> [Work to be completed] Return the data below exactly, but only from the line containing "Массивное ожерелье WEVENI" through the line containing "Americana collection includes", with both of those lines included.

──────── Excerpted records

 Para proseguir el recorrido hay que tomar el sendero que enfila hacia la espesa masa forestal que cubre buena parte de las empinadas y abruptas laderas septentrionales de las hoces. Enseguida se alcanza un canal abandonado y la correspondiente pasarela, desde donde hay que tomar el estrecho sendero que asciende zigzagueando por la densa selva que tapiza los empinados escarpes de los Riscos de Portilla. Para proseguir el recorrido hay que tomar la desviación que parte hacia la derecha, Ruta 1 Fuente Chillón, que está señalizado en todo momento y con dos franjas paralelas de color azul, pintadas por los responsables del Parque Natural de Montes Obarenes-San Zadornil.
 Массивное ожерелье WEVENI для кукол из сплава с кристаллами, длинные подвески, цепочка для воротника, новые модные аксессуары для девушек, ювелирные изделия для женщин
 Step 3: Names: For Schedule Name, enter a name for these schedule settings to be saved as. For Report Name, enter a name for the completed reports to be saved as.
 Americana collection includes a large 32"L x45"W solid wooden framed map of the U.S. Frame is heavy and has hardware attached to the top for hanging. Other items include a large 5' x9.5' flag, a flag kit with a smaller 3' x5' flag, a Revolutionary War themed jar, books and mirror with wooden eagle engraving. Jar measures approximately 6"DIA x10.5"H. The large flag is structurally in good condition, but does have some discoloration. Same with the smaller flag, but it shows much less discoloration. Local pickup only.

────────────────
──────── Excerpted records

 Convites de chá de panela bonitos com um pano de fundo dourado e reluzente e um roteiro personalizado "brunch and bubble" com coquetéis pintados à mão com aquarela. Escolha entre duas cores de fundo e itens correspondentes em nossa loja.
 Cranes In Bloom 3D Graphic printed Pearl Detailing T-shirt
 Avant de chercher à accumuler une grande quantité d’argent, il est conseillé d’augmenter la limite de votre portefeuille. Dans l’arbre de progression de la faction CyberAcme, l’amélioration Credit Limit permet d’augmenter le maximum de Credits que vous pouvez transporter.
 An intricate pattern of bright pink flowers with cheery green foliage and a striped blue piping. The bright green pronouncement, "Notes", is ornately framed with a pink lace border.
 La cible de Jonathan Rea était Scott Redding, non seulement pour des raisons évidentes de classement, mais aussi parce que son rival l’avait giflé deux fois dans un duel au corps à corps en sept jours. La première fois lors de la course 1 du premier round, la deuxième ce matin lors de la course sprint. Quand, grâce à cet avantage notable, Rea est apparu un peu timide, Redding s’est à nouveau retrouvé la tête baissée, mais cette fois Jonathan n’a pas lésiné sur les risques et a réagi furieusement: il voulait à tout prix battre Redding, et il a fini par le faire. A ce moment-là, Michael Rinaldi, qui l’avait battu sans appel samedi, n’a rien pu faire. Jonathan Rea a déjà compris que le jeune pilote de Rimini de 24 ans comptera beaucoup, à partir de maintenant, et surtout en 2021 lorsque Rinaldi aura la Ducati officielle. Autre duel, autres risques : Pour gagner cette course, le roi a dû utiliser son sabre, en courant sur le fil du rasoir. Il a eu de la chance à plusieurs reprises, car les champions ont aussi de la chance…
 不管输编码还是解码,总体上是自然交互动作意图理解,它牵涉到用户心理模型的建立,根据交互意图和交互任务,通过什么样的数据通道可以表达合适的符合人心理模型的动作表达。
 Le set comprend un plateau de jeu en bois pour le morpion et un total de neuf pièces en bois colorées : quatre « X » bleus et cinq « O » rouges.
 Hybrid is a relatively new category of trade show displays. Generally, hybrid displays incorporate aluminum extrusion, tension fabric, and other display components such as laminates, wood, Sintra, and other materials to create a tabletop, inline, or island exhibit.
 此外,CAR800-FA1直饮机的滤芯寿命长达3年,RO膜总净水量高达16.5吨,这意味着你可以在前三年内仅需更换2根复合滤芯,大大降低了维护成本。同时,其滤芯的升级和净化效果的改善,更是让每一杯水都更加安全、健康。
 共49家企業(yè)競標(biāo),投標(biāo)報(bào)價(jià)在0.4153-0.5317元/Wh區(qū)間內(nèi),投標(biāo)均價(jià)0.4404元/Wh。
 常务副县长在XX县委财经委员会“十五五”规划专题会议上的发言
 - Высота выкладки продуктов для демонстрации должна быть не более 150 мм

────────────────

> [Reply]
 Массивное ожерелье WEVENI для кукол из сплава с кристаллами, длинные подвески, цепочка для воротника, новые модные аксессуары для девушек, ювелирные изделия для женщин
 Step 3: Names: For Schedule Name, enter a name for these schedule settings to be saved as. For Report Name, enter a name for the completed reports to be saved as.
 Americana collection includes a large 32"L x45"W solid wooden framed map of the U.S. Frame is heavy and has hardware attached to the top for hanging. Other items include a large 5' x9.5' flag, a flag kit with a smaller 3' x5' flag, a Revolutionary War themed jar, books and mirror with wooden eagle engraving. Jar measures approximately 6"DIA x10.5"H. The large flag is structurally in good condition, but does have some discoloration. Same with the smaller flag, but it shows much less discoloration. Local pickup only.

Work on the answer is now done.